As the state prepares to use standardized test scores to help evaluate teachers, Assemblyman John Burzichelli thinks there ought to be another metric factored into those assessments - parental involvement.

Burzichelli, D-Gloucester, has introduced a bill that would require the commissioner of education to come up with ways to measure how active parents are in their children's learning. That information would be used as a mitigating factor when looking at student achievement, one of the things teachers will be evaluated on beginning next year.

Burzichelli is certainly right that parents have a huge role in a child's education, and including some measure of parental involvement would only add to the fairness of teacher evaluations. Whether or not his idea is workable is another question.
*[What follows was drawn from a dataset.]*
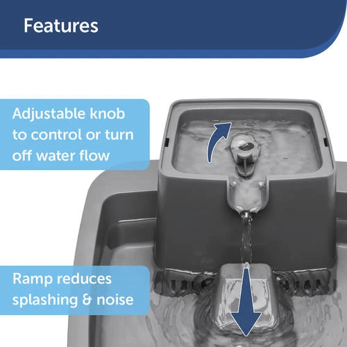 - Customize Water Flow ? Adjustable water flow allows you to customize the stream for you and your pet, or turn it off for a more quiet operation

He suggests quantifying things such as the completion rate for homework, participation in parent-teacher conferences and how responsive parents are when teachers reach out to them or when they are asked to sign papers.

"If there's not a partnership in the education of the child, there's a disadvantage to the teacher," Burzichelli told The Star-Ledger.

"There's a clear case that where homes are struggling, schools are struggling. If we don't talk about what happens outside the school, we're never going to get where we want to get."

True enough. The most successful New Jersey schools tend to have very involved parents who make sure that education is a priority and who share in that responsibility with their children's teachers.

This is not an indictment of busy working parents who cannot help children with homework every night. It is simply a recognition that students come to school from a variety of home environments, and some of those environments are more likely to help students achieve than others. Shouldn't that difference be acknowledged when we're assessing the job teachers are doing?

The details of this proposal are bedeviling. As Assemblyman Patrick Diegnan, D-Middlesex, who heads the Assembly Education Committee, said, "The concept of involving parents is a worthy goal, but how in the world would you accomplish it?"

We don't have the answer to that, but trying to figure it out is a conversation worth having.